I know from my unit tests of my lexer that the string "\x7" is lexed to:
[TokenNonPrint '\x7', TokenEOF]
My token type (spit out by the lexer), is Token. I've defined lexWrap and alexEOF as described here, which gives me the following header and token declarations:
%name parseTokens
%tokentype { Token }
%lexer { lexWrap } { alexEOF }
%monad { Alex }
%error { parseError }
%token
NONPRINT {TokenNonPrint $$}
PLAIN { TokenPlain $$ }
I invoke the parser+lexer combo with the following:
parseExpr :: String -> Either String [Expr]

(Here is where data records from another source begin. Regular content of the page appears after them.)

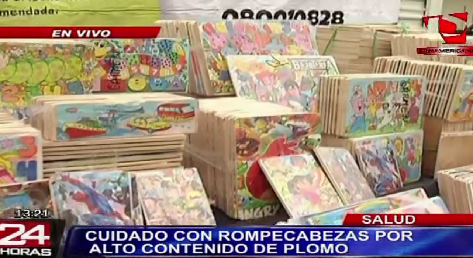 La Dirección General de Salud Ambiental (Digesa) del Ministerio de Salud (Minsa) realizó un operativo inopinado en las galerías del Centro de Lima y Villa María del Triunfo, donde decomisaron 4,500 rompecabezas y 4,940 sticker que no contaban con el Registro Nacional y Autorización Sanitaria, y porque muchos de estos productos tenía un alto contenido de plomo.
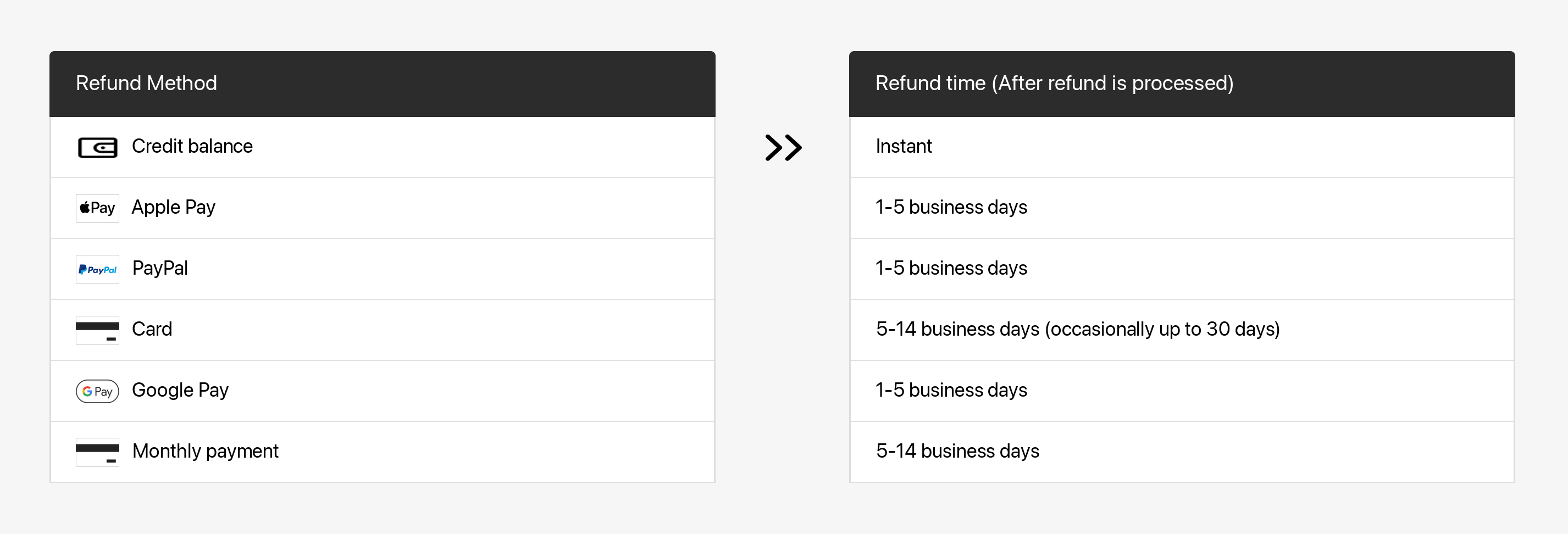 Once the refund is processed, your financial institution will need additional time to have it reflected in your account. Refer to the following table for more details.
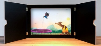Ein Kamishibai ist ein traditionelles japanisches „Papiertheater“ in Form eines Holzrahmens mit Flügeltüren, in den individuell erstellte Bildkarten im DIN A3 Format eingeschoben und bildgestützt erzählt werden. Das Kamishibai wird vor allem eingesetzt, um Sprach-, Lese- und Erzählkompetenzen zu fördern, die Aufmerksamkeit zu schärfen und den Dialog mit Zuhörern anzuregen. Es ist vor allem für Kinder ab 1 Jahr bis zum Grundschulalter geeignet.
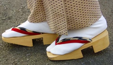- Geta could afford the wealthy Japanese and professional geisha. Geta is divided into two variations. The first model is equipped with a large wooden block with a notch in the bottom. The second is a wooden bench. The highest platform geta reaches as much as ten centimeters. Shoe laces are fixed between the index finger and thumb, holding the leg firmly.

parseExpr s = runAlex s parseTokens
And here are my first few productions:
exprs :: { [Expr] }
exprs
: {- empty -} { trace "exprs 30" [] }
| exprs expr { trace "exprs 31" $ $2 : $1 }
nonprint :: { Cmd }
: NONPRINT { NonPrint $ parseNonPrint $1}
expr :: { Expr }
expr
: nonprint {trace "expr 44" $ Cmd $ $1}
| PLAIN { trace "expr 37" $ Plain $1 }
I'll leave out the datatype declarations of Expr and NonPrint since they're long and only the constructors Cmd and NonPrint matter here. The function parseNonPrint is defined at the bottom of Parse.y as:
parseNonPrint :: Char -> NonPrint
parseNonPrint '\x7' = Bell
Also, my error handling function looks like:
parseError :: Token -> Alex a
parseError tokens = error ("Error processing token: " ++ show tokens)
Written like this, I expect the following hspec test to pass:
parseExpr "\x7" `shouldBe` Right [Cmd (NonPrint Bell)]
But instead, I see "exprs 30" print once (even though I'm running 5 different unit tests) and all of my tests of parseExpr return Right []. I don't understand why that would be the case, but I changed the exprs production to prevent it:
exprs :: { [Expr] }
exprs
: expr { trace "exprs 30" [$1] }
| exprs expr { trace "exprs 31" $ $2 : $1 }
Now all of my tests fail on the first token they hit --- parseExpr "\x7" fails with:
uncaught exception: ErrorCall (Error processing token: TokenNonPrint '\a')
And I'm thoroughly confused, since I would expect the parser to take the path exprs -> expr -> nonprint -> NONPRINT and succeed. I don't see why this input would put the parser in an error state. None of the trace statements are hit (optimized away?).
What am I doing wrong?